Klustron supports managing spatial data using the PostGIS plugin, and all PostGIS features are available in Klustron. Users must use Klustron's built-in PostGIS plugin, which is developed by the Klustron team based on PostGIS-3.3.4 and is called Klustron-PostGIS. The Klustron-PostGIS plugin exchanges GIS data with storage nodes (Klustron-storage) in the format required by the storage nodes. Klustron can use the RTREE index of storage nodes to index GIS data, thus achieving better spatial data query performance. Especially since Klustron clusters can use hardware resources from multiple servers, this is very necessary for GIS data management because each GIS data is relatively large (at least tens of bytes, usually hundreds of bytes to tens of KB, or even larger), occupying significant storage space, and spatial calculations consume substantial resources, easily exhausting the hardware resources of a single server. Therefore, using centralized databases to manage GIS data inherently lacks scalability and cannot meet the needs of large-scale spatial data management scenarios. A Klustron cluster with Klustron-PostGIS mounted becomes a distributed PostGIS spatial database cluster with unlimited spatial data storage and computing capabilities.
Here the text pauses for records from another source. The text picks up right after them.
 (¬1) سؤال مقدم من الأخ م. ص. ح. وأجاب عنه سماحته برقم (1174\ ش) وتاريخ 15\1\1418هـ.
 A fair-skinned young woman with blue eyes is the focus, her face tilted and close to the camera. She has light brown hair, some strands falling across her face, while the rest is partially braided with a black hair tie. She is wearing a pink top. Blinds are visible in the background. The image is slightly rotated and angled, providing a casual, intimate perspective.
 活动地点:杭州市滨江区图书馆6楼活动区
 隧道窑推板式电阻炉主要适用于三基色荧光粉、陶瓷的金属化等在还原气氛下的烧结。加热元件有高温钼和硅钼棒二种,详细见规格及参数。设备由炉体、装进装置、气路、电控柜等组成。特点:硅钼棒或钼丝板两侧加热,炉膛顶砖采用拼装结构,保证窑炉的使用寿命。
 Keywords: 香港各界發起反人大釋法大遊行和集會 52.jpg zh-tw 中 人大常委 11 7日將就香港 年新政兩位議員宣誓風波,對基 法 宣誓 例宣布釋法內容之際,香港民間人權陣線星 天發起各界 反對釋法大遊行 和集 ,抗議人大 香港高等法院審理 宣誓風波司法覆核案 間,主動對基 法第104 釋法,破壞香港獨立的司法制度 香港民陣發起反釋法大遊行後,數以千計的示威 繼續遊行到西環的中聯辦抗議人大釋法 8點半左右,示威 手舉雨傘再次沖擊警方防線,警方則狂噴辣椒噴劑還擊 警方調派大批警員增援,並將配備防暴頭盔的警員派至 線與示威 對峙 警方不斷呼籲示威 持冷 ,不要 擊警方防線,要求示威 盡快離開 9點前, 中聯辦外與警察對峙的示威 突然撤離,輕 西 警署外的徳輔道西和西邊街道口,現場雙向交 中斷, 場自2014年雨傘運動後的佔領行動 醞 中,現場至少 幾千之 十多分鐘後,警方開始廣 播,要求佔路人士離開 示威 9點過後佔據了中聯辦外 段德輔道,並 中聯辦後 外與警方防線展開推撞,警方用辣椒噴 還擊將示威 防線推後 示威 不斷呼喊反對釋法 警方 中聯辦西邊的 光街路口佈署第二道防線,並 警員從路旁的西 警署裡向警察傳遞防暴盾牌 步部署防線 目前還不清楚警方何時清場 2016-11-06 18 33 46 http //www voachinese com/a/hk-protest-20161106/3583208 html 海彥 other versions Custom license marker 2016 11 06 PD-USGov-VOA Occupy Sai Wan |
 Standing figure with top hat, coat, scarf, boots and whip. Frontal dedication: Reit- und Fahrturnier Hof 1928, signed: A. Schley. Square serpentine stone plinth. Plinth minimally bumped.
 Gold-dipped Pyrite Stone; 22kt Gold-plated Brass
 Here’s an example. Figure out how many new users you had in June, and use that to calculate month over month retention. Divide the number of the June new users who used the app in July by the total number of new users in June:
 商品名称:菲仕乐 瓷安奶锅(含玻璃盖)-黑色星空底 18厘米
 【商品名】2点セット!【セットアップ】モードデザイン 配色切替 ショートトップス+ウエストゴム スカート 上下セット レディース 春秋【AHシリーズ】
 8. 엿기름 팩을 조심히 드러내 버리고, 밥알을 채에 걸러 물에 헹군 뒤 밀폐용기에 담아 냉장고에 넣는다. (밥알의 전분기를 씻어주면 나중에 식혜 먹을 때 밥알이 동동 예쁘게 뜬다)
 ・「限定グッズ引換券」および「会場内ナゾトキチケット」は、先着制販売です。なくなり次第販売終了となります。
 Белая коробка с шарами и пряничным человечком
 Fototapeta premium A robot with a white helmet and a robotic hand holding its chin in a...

This document demonstrates the functionality and usage of Klustron-PostGIS. In fact, the usage of Klustron-PostGIS is exactly the same as mounting PostGIS in PostgreSQL.


gis_test=# create extension postgis; -- Mount Klustron-PostGIS plugin
CREATE EXTENSION
gis_test=# create table village(id serial primary key, facility varchar(64) not null, coord geometry); -- geometry is the base type for all geometric objects; specific geometric types can also be used as needed, see PostGIS documentation.
CREATE TABLE
gis_test=# insert into village(facility, coord) values('school', st_geomfromtext('polygon((1 1, 3 1, 3 3, 1 3, 1 1))'));
INSERT 0 1
gis_test=# insert into village(facility, coord) values('market', st_geomfromtext('polygon((-1 -1, -3 -1, -3 -3, -1 -3, -1 -1))'));
INSERT 0 1
gis_test=# insert into village(facility, coord) values('post office', st_geomfromtext('polygon((-0.2 -0.2, 0.2 -0.2, 0.2 0.2, -0.2 0.2, -0.2 -0.2))'));
INSERT 0 1
gis_test=# insert into village(facility, coord) values('hospital', st_geomfromtext('polygon((1 -1, 3 -1, 3 -3, 1 -3, 1 -1))'));
INSERT 0 1
gis_test=# insert into village(facility, coord) values('warehouses', st_geomfromtext('polygon((-1 1, -5 1, -5 6, -1 6, -1 1))'));
INSERT 0 1
gis_test=# insert into village(facility, coord) values('unknown place', NULL);
INSERT 0 1
gis_test=# insert into village(facility, coord) values('available area', st_geomfromtext('polygon empty'));
INSERT 0 1

Let's look at the data retrieved from the village table. The GIS data is stored in binary encoding, and readers don't need to try to understand these binary GIS data. If users want to output GIS text data, they can use the ST_ASTEXT() function, for example: select id, facility, st_astext(coord) from village.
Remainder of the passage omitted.